Gene Transcripts in the Tumor Suppressor Region of Chromosome 3 (3p21).

Background: There is increasing evidence that the short arm of chromosome 3 has a tumour suppressor region that has been associated with permanent growth arrest of tumour cells. We have identified 9 closely related genes in this region (CCDC12, KLH9, KLH18, MYL3, NBEAL2, PTPN23, SCAP, SETD2, and TESSP2) located which could be possible candidates for tumour suppressor genes (TSG).Our objective was to determine, using quantitative PCR, whether the mRNA expression levels of these genes were consistent with a tumour suppressive function in human breast cancer. Methods: A total of 153 samples were analysed. The levels of transcription of all 9 genes were determined using quantitative PCR and normalized against (CK19).Transcript levels within breast cancer specimens were compared with non-cancerous breast tissue and analyzed against conventional pathological parameters and clinical outcome over a 10 year follow-up period. Results: Quantification of CCDC12, KLH9, KLH18, MYL3, NBEAL2, PTPN23, and SCAP mRNA expression after CK19 normalisation showed no statistically significant difference between malignant and normal breast tissue (p=0.23, 0.46, 0.3, 0.141, 0.8, 0.696, and 0.11 respectively). The mRNA expression of TESSP2 was higher in normal samples compared with malignant lesions (347 vs. 35, p=0.0061) but showed no significant associations with clinical outcome.The levels of SETD2 mRNA were significantly lower in malignant samples (406 vs. 17, p=0.0345) and decreased with increasing tumour stage. SETD2 expression levels were significantly lower in samples from patients who developed metastasis, local recurrence, or died from breast cancer when compared to those who were disease free for > 10 years (p=0.041). Conclusion: These findings are consistent with a possible tumour suppressor function of SETD2 in human breast cancer. Citation Information: Cancer Res 2009;69(24 Suppl):Abstract nr 6139.
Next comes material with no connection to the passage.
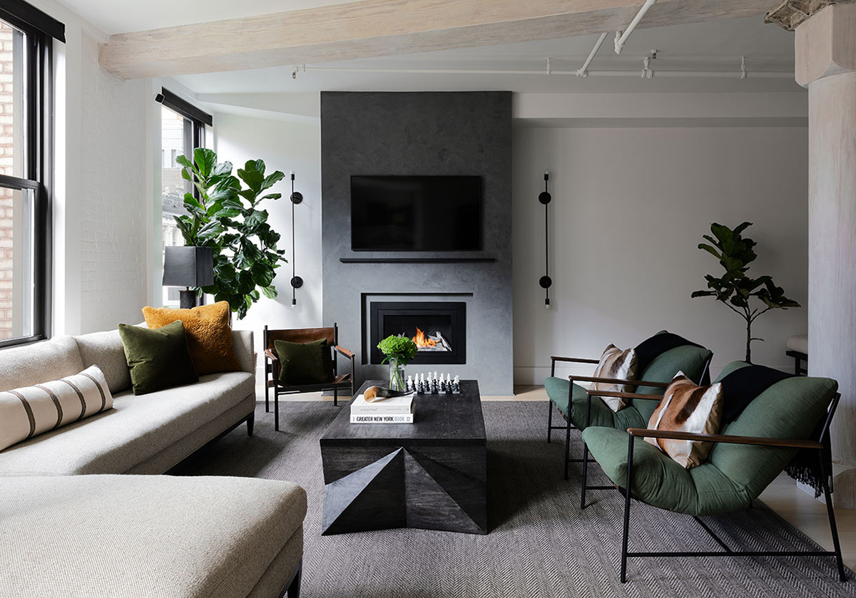 Когда нынешние хозяева впервые попали в этот лофт в престижном районе Нью-Йорка, их сразу пленило оригинальное индустриальное пространство и гибкость в декоре — интерьер представлял собой чистый лист с множеством возможностей. Подчеркивая архитектурные особенности помещений, пара решила остановиться на строгом современном дизайне с мужским характером, в котором преобладают чистые линии и контрастные тёмные акценты. Интерьер получился очень стильным и эффектным!

Suppressors of Cytokine Signaling and Their Role in Human Breast Cancer.

BACKGROUND: Suppressors of cytokine signaling (SOCS) are important negative feedback regulators of the JAK/STAT signaling pathway, and have been recently investigated for their role in the development of different cancers. In this study, we examined the expression of SOCS 1-7 genes in normal and breast cancer tissue and correlated this with several clinico-pathological and prognostic factors. PATIENTS AND METHODS: SOCS 1-7 mRNA extraction and reverse transcription were performed on breast cancer tissue samples (n= 127) and normal background breast tissue (n= 31). Transcript levels of expression were determined using real-time PCR and analyzed against TNM stage, tumour grade and clinical outcome over a 10 year follow-up period. RESULTS: SOCS 1,4,5,6 and 7 expression decreased with increased TNM stage (TNM1 vs. TNM3 p= 0.039, TNM1 vs. TNM4 p= 0.016, TNM1 vs. TNM3 p= 0.012 and TNM1 vs. TNM3 p= 0.044 respectively). SOCS 2 and 3 expression decreased with increased Nottingham Prognostic Index (NPI) (NPI1 vs. NPI3 p=0.033 and NPI2 vs. NPI3 p=0.041 respectively). SOCS-7 expression decreased with higher tumour grade (Grade 3 vs. Grade 2 p=0.037). After a median follow up period of 10 years, we found higher levels of SOCS 1, 2 and 7 expression among those patients who remained disease-free compared to those who developed local recurrence (p= 0.0073, p= 0.021 and p= 0.039 respectively). Similarly, we found higher levels of SOCS 2, 4 and 7 expression in those who remained disease-free compared to those who developed distant recurrence (p= 0.022, p=0.024 and p= 0.033 respectively). Patients who remained disease-free had higher levels of SOCS 1 and 2 expression compared to those who died from breast cancer (p= 0.02 and p=0.033 respectively). The disease free survival (DFS) and overall survival (OS) curves showed that higher levels of SOCS 1, 3 and 7 were significant predictors of higher DFS (p=0.015, p=0.024 and p=0.03 respectively) and OS (p=0.005, p=0.013 and p= 0.035 respectively). Higher levels of SOCS 4 were significant in predicting better OS (p=0.007) but not DFS. CONCLUSION Higher mRNA expression levels of SOCS 1, 3, 4 and 7 are significantly associated with earlier tumour stage and better clinical outcomes in human breast cancer. Citation Information: Cancer Res 2009;69(24 Suppl):Abstract nr 3157.